Kwame Kwei-Armah’s play ‘Beneatha’s Place’ is nominally a Nigeria-set follow-up to Lorraine Hansberry’s seminal ‘A Raisin in the Sun’, with its two acts comprising further adventures for Hansberry’s character Beneatha, who quit Chicago for Lagos at the end of the 1959 masterpiece.
Don’t get too distracted by that, though. Yes, ‘Beneatha’s House’ is littered with easter eggs, and concerned with many of the same ideas as Hansberry. But it isn’t really a sequel tonally, and is more a play of ideas than something you need crib notes to follow.
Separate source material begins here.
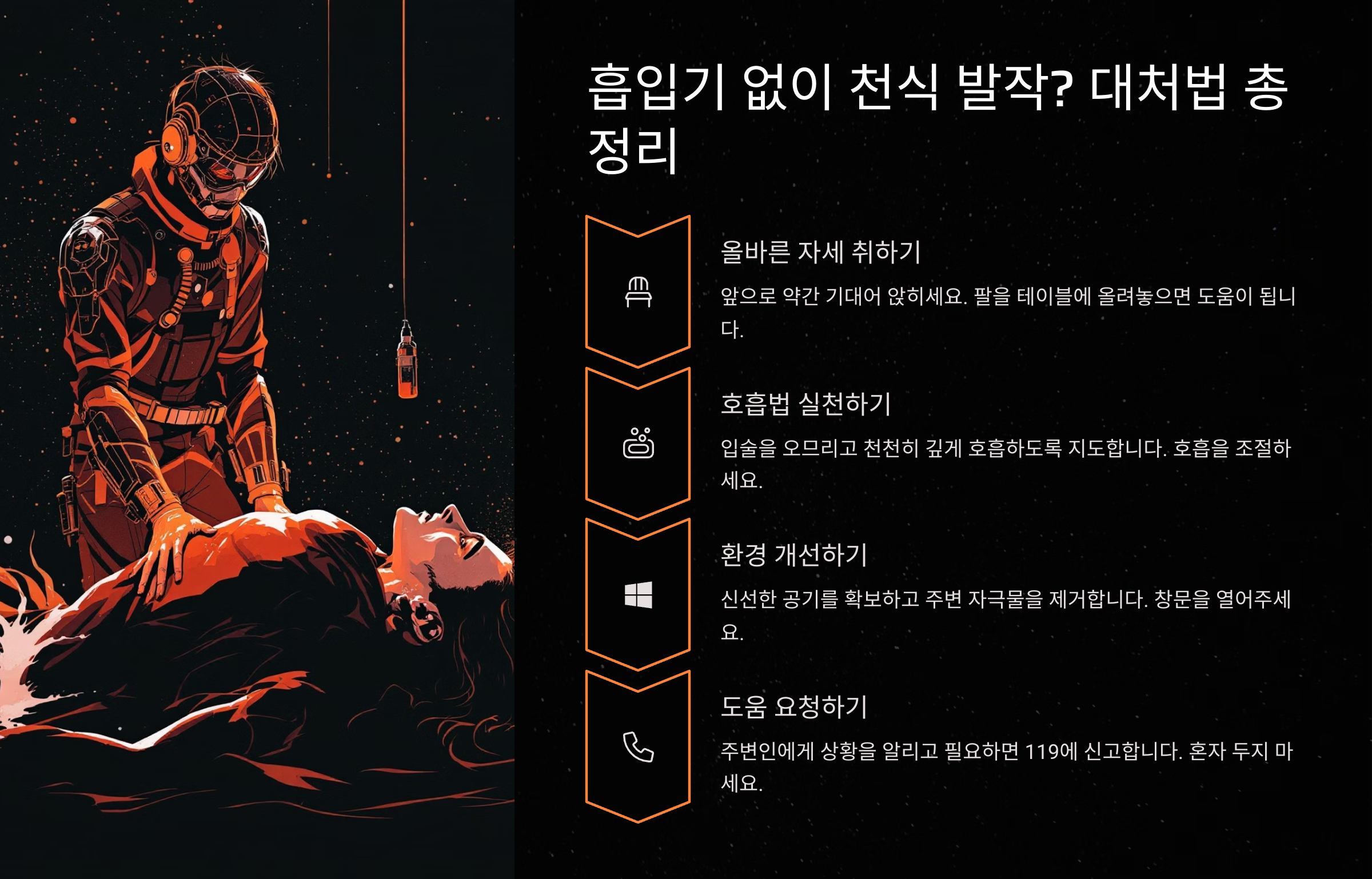 🏠 흡입기 없이 천식 발작 시 대처법 🚨

An almost unprocessable amount of stuff happens in the first act, which begins with Beneatha (Cherrelle Skeete) and her new Nigerian husband Joseph (Zackary Momoh) arriving at their fancy new house in Lagos, 1959. In the course of literally about 50 minutes they encounter patronising white missionaries, a light relief auntie, a CIA spook and become heavily – and ultimately, shockingly – embroiled in the power struggles of pre-independence Nigeria. It is melodramatic as hell, and for all her undoubted charisma and depth of feeling, Skeete’s Beneatha is naggingly lacking in agency, reduced to looking on in bemusement as mad thing after mad thing happens. There’s a definite exhilaration to the barrage of ideas in Kwei-Armah’s text, and some of the events very smartly echo ‘A Raisin…’. But it might have been better spread over a couple of hours than its current, whiplash-inducing pace.
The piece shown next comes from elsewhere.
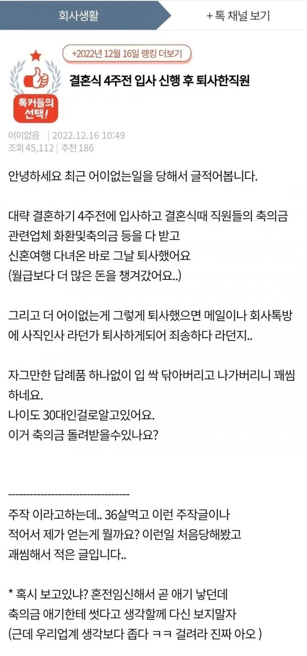 결혼식 4주 전 입사 신혼여행 후 퇴사한 직원

Plus it would basically be fine to eject the second half, a clunky academic satire that picks up the story some 50 years later. Beneatha – Skeete again – is now an eminent social academic. The faculty of her department of ethnic studies is largely white except for her and Wale (Momoh), the son of an oil billionaire. The staff have decamped to Nigeria on business and Beneatha has decided they should have a crunch meeting about the department’s future in her old Lagos house, which she has never previously returned to, but has been unwilling to let go of these 50 years (IT’S A METAPHOR).
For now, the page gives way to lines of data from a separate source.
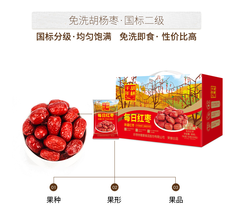 商品名称:好想你千胡年杨新疆每日免洗红枣整箱780g
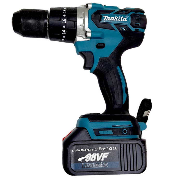 دوعدد باتری لیتیوم یونی 98 ولت در بسته بندی موجود می باشد هردو باتری مدار رگلاتور دارند دریل دارای نمایشگر میزان باتری است باتری ها لیتیوم یون با عمر بسیار بالا می باشند
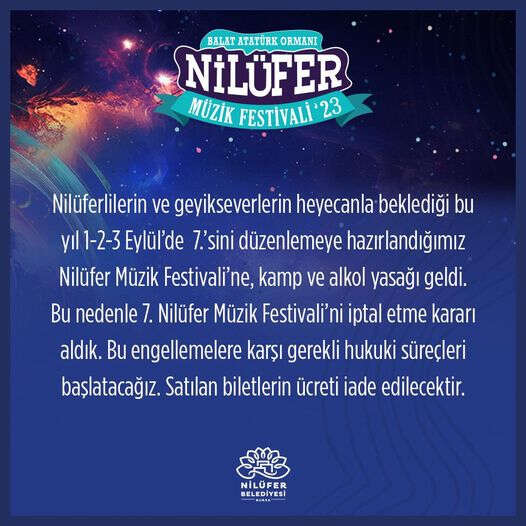 Nilüfer Belediyesi'nin sosyal medya hesabından konuyla ilgili yapılan açıklamada, "Nilüferlilerin ve geyikseverlerin heyecanla beklediği bu yıl 1-2-3 Eylül’de 7.’sini düzenlemeye hazırlandığımız Nilüfer Müzik Festivali’ne, kamp ve alkol yasağı geldi. Bu nedenle 7. Nilüfer Müzik Festivali’ni iptal etme kararı aldık. Bu engellemelere karşı gerekli hukuki süreçleri başlatacağız. Satılan biletlerin ücreti iade edilecektir." denildi.

The faculty is debating whether to keep African American studies as a major or replace it with one in ‘critical whiteness’, which is a potentially very entertaining idea that Kwei-Armah largely squanders. He’s just not a funny enough writer to pull it off as comedy, or incisive enough to pull it off as comment on Black America.
He has written some genuinely great plays, and you expect a playwright-artistic director to stage his own work. But the fact is that ‘Beneatha’s Place’ feels overshadowed, not only by ‘A Raisin in the Sun’, but also all the wildly inventive Black American writing about Black American identity that’s kicking around at the moment (see ‘A Strange Loop’ at the Barbican or ‘Tambo & Bones’ at TRSE). This is only the second play to receive a full run at the Young Vic this year, and it’s ultimately a pretty frustrating use of one of London’s great stages.